He'd built a picture from Mira's clinical descriptions and Morrison's operational file: crossover survivor, forty-four, sub-basement corridor, seven seconds of death-energy at partial peak intensity. The file made her sound like a data point. The woman standing in his doorway at ten AM on Friday was five-foot-two in a hospital discharge jacket that was too big for her, with dark circles under her eyes and moving with the caution of someone told she was stable by people who clearly didn't believe it.

Mira brought her in. Introductions were brief. Leo said his name. Jang Mi-young looked at his face, then up, at the counter floating above his head.

She didn't flinch.

Most people flinched. The counter did that. **10,490** hanging in the air above a man's head, the visible record of ten thousand deaths, produced an involuntary response in almost everyone who saw it for the first time. A step back. A tightening around the eyes. The body's animal recognition of something wrong.

Jang Mi-young looked at the counter and her head tilted, the way a person tilts their head when they're listening to something faint.

"I can feel it," she said.

Leo went still. "Feel what."

"The number. Not the number itself." She frowned, searching for words. "A humming. Like standing near a transformer box. I could feel it before I saw it." She looked at him. "Is that normal?"

"No," Leo said. "It isn't."

---

Park had the membrane equipment running by ten-thirty.

The chamber hadn't been used for a session since the crossover. The stabilizer positions were empty, the arrays powered down, the space carrying the residual charge of two weeks of intensive sprint work and one night that had ended with a repaired seal and eight dead. Park had calibrated the monitoring systems for a different purpose this morning: not containment measurement, but observation. Passive detection of death-energy signatures at the lowest sensitivity the equipment could manage.

Mira positioned Jang Mi-young in the center of the chamber. Not where Leo sat during sessions. A chair, brought down from the kitchen, placed at the geometric center of the membrane array.

"This won't hurt," Mira said. She had her notebook and both eyes working. "You'll feel the equipment activating. Some people describe it as a warm pressure. If anything is uncomfortable, say so immediately."

Jang Mi-young sat in the chair with her hands folded in her lap and the expression of a woman who had accepted that the world had rules she didn't know about and was preparing to learn them.

Park activated the arrays.

The monitoring equipment registered immediately. The screens showed what Mira's soul-sight had been reading at the hospital, but with the membrane's higher resolution the picture was sharper.
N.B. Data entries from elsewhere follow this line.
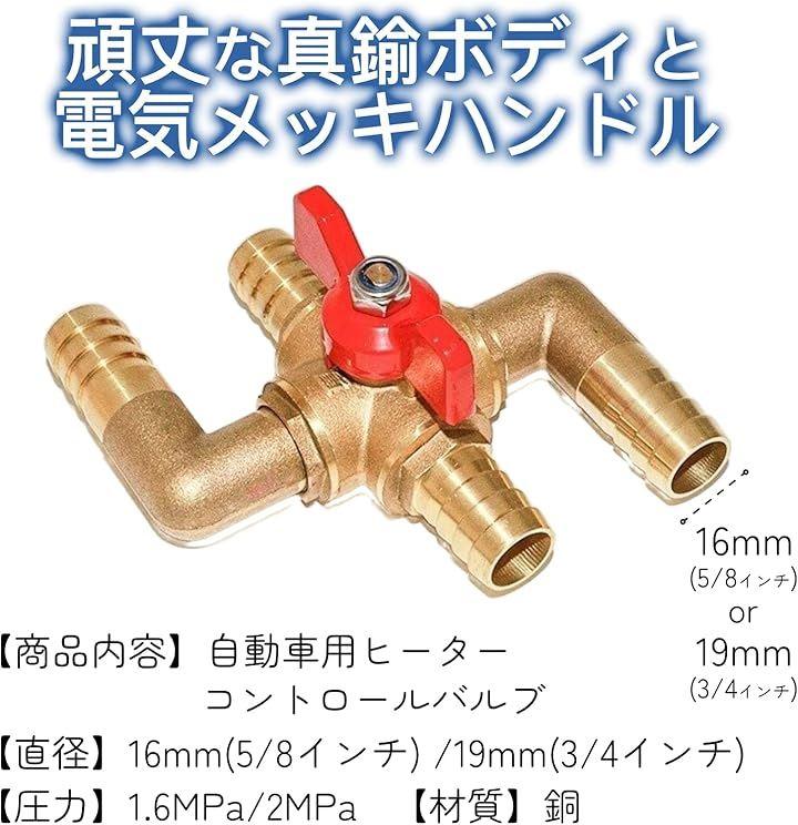 「商品内容」自動車用ヒーターコントロールバルブ「カラー」ゴールド「サイズ」16mm(5/8インチ) /19mm(3/4インチ)「圧力」1.6MPa/2MPa「素材」銅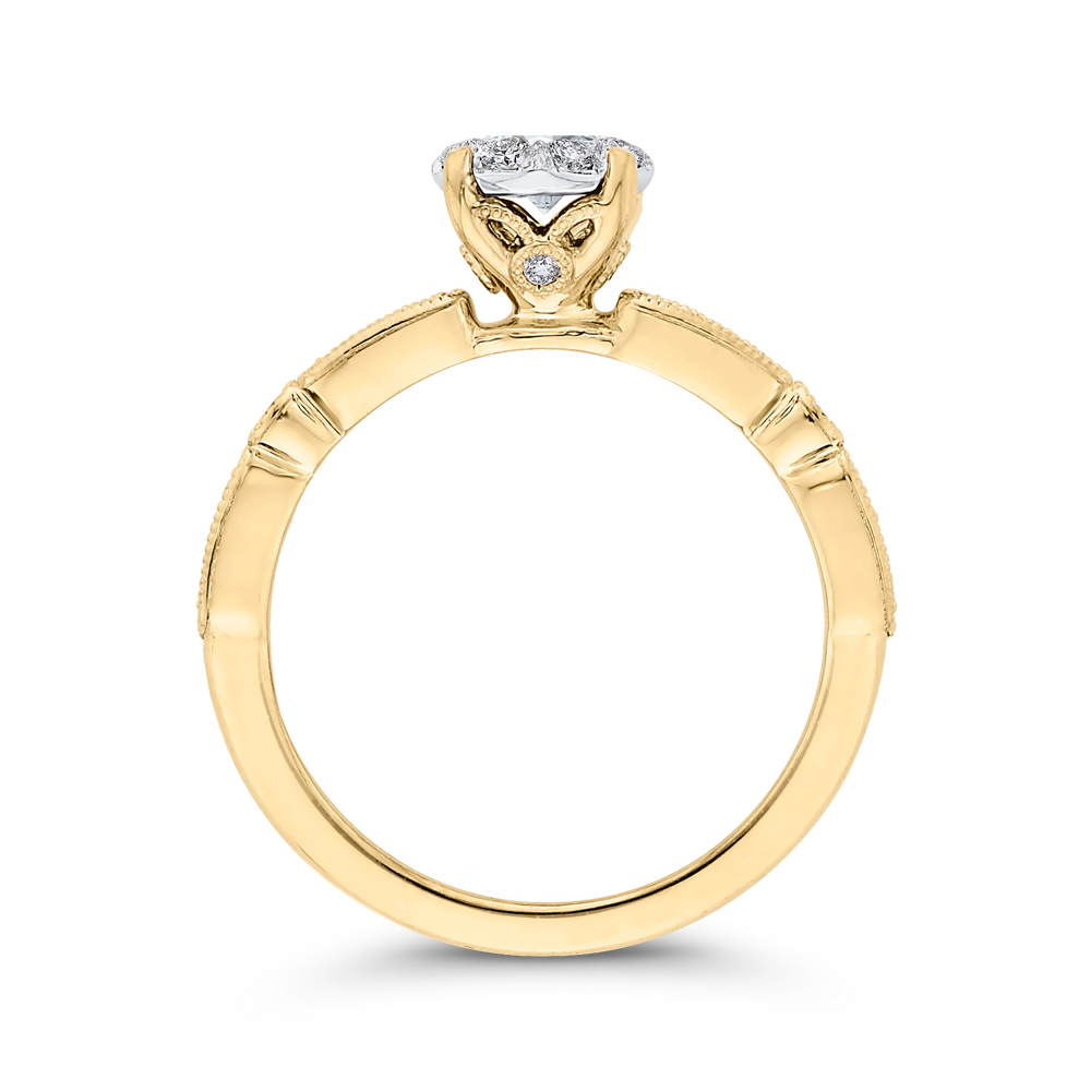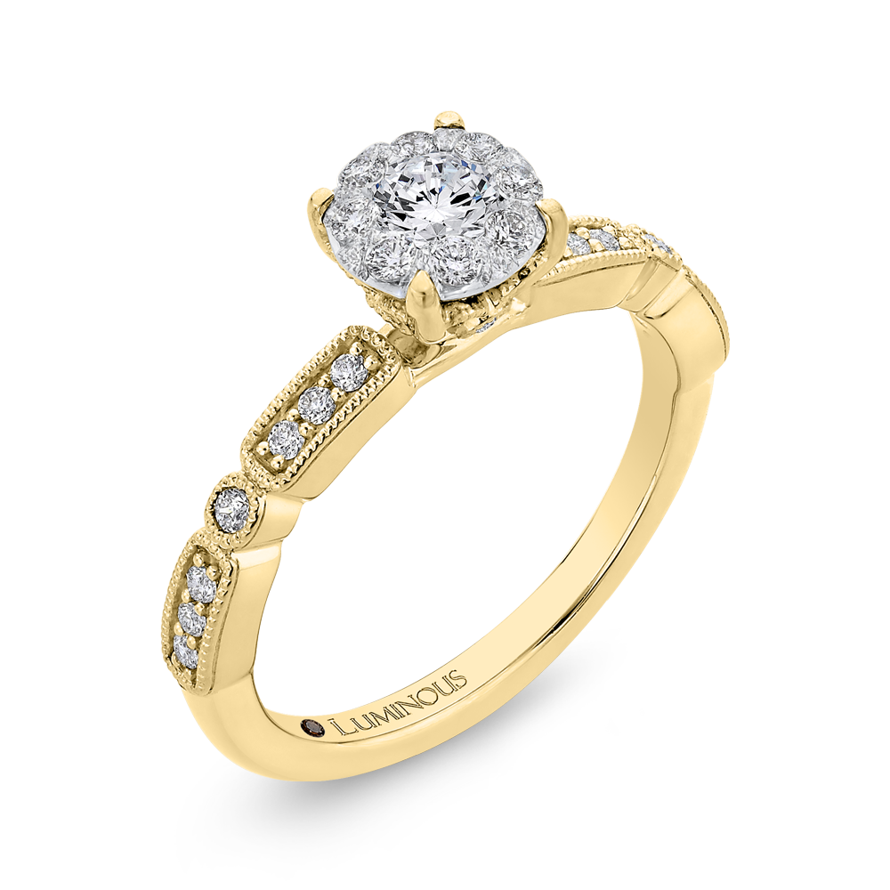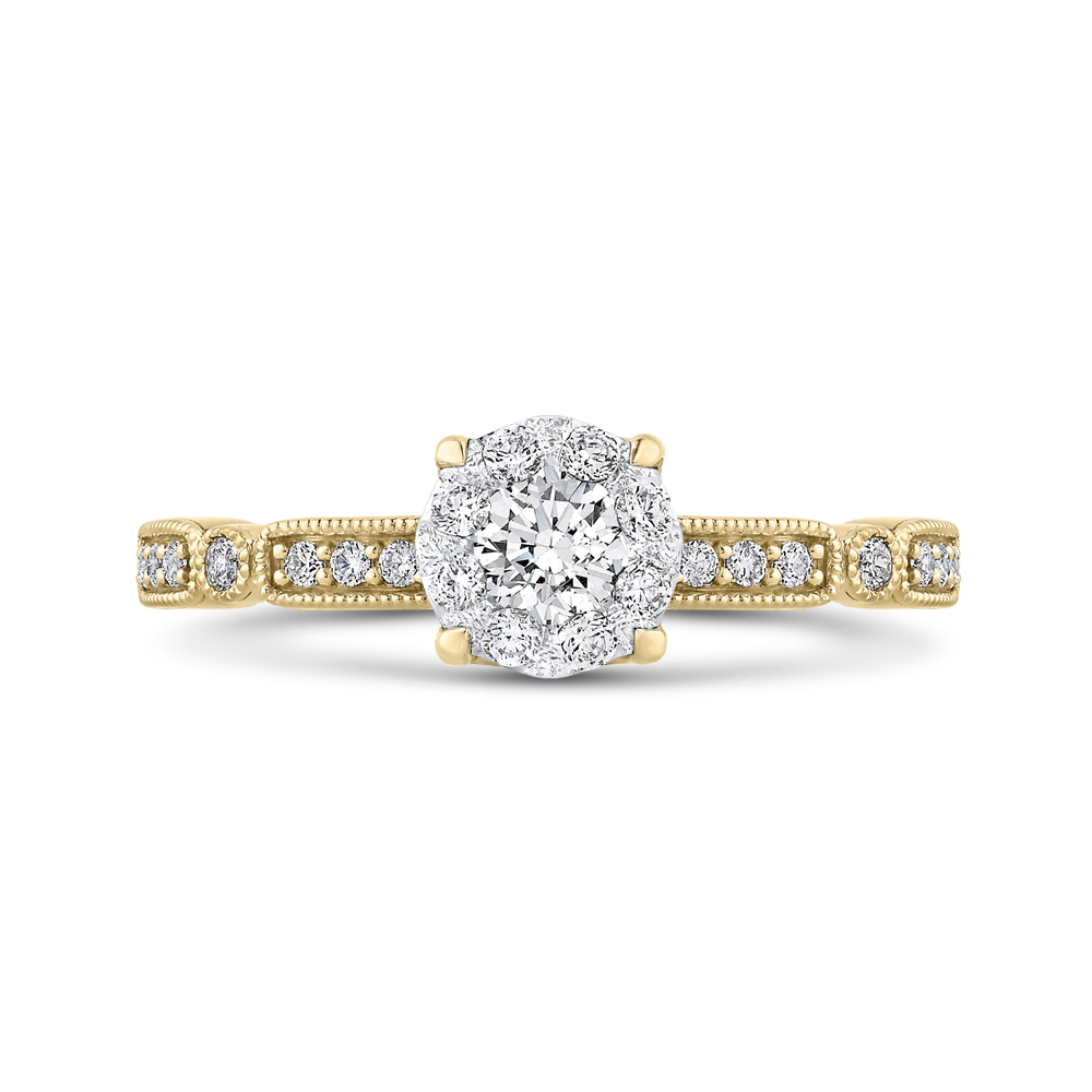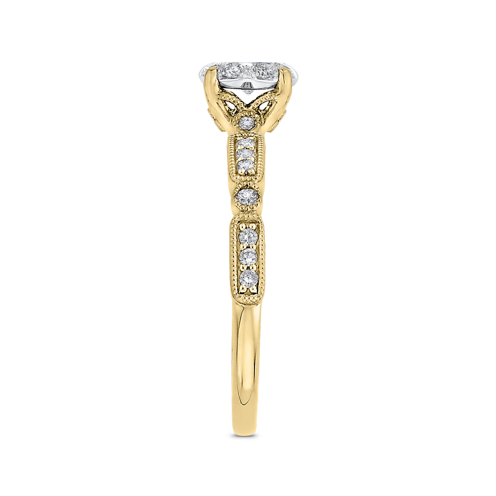 This exquisite diamond engagement ring is crafted in 14K two tone gold, combining the timeless elegance of yellow gold with the modern allure of white gold. The dazzling round-cut diamond centerpiece is sure to capture the heart of your beloved, symbolizing your eternal love and commitment. A truly luxurious and sophisticated choice for a proposal that will be cherished for a lifetime.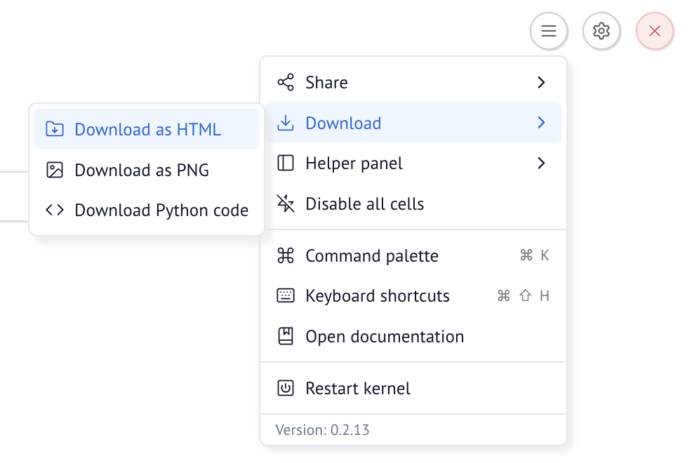 Additionally, you can configure individual notebooks to automatically save as HTML through the notebook menu. These automatic snapshots are saved to a folder called __marimo__ in the notebook directory.

Death-energy signatures distributed through Jang Mi-young's tissue, concentrated in the initial absorption sites but now spread into adjacent structures. Lungs. Cardiovascular system. Liver. The migration Mira had documented, now mapped at granular detail.

"Forty-seven," Park said. She was at her monitoring station, reading the data as it built. "Forty-seven discrete energy concentrations. Each one shows internal organization." She looked at Mira. "These aren't random accumulations. They have structure."

"Proto-fragments," Mira said.

"If that's what we're calling them." Park adjusted a sensor. "The structure is familiar. It's a lattice pattern. Geometrically similar to Leo's fragment architecture, but—" She pulled up a comparison on the side screen. Leo's fragment data from the sprint sessions, the ten thousand integrated units that the composite had catalogued across years of death and absorption. Next to it, Jang Mi-young's forty-seven proto-fragments.

The patterns matched. The architecture was the same. The scale was radically different.

"Two percent," Park said. "Approximately two percent of the complexity of Leo's system. Same structural principles. Same lattice geometry. Two percent of the resolution."

Jang Mi-young sat in the chair, looking at screens she couldn't read, surrounded by equipment she didn't understand, and said: "The humming is louder in here."

---

Leo entered the chamber at eleven.

He sat across from Jang Mi-young, three meters away, and opened the channel to ambient rest. The same level he maintained constantly now, the permanent connection to the repaired seal running at its baseline.

Park's equipment reacted before he finished opening the channel.

"The proto-fragments are moving," Park said. Her voice was sharp. "Orienting. They're aligning toward—" She checked the readings. "Toward Leo. All forty-seven units are rotating their lattice axes toward his position."

Jang Mi-young's hands tightened on the chair's armrests. Her breathing changed, shallow and fast, the body's response to something happening inside it that the conscious mind hadn't caught up with.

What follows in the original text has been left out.